The shark-girl said nothing, and then said, “I miss you too.”
Luis was thinner, bright-eyed. There was a new hardness to his edges. He said, “What’s keeping you?”
She had new friends now. She had taken up jogging. While they jogged around the park in their bright jog tops her new friends gave her advice about men. She let them think Luis had done the leaving. They ran in the same path every day and said men and said take his number out of your phone and said he never deserved you. She went to the dentist once a week and had them check for cavities. It wouldn’t be long now.

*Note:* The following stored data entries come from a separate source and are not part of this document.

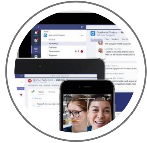
An intensified skilling challenge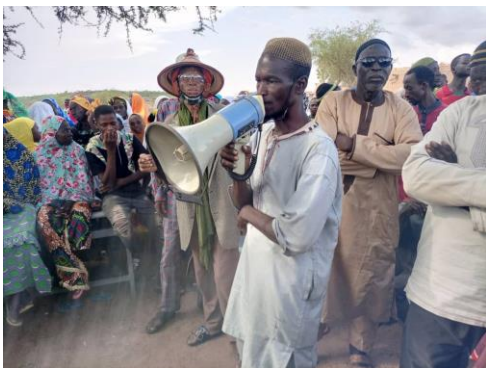
Awareness session by delegates.

GCERF will mobilise and invest up to USD 10 million – in the Sahel region – to meet these objectives in a minimum period of three years. GCERF will prioritise resilience and prevention programming, including cross-border projects, that meet these objectives – all within the scope of regional and national NAPs and equivalents in order to achieve its overarching objective of supporting stability and resilience.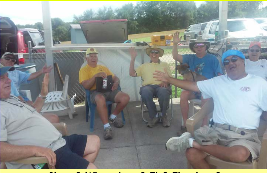
Planes? What planes? Fly? Fly where?

Anna said, “You know I’m not that kind of woman.”
He said, “What kind?”
She said, “The right kind.” And then, “The keeping kind.”
They looked at her hands, spread on the table. They seemed like hands that did not belong to a complete fuck-up. They did not seem relevant to the situation.
But the bear took them in his own and placed her knuckle in his living mouth: not to bite, but gently. She felt his tongue against her skin: a small, warm resting place.
The shark-woman gnashed her tiny teeth, thought no. Thought of the deathless march ahead of her: the endless succession of lovers, the jog tops, the bars. How sure a thing it seemed to run, smooth and uncomplicated. How cold.
The bear-man held her in his eyes and waited while Anna’s thoughts circled around and around the rest of her life. Waited until, terrified, she opened wide her human arms and sank.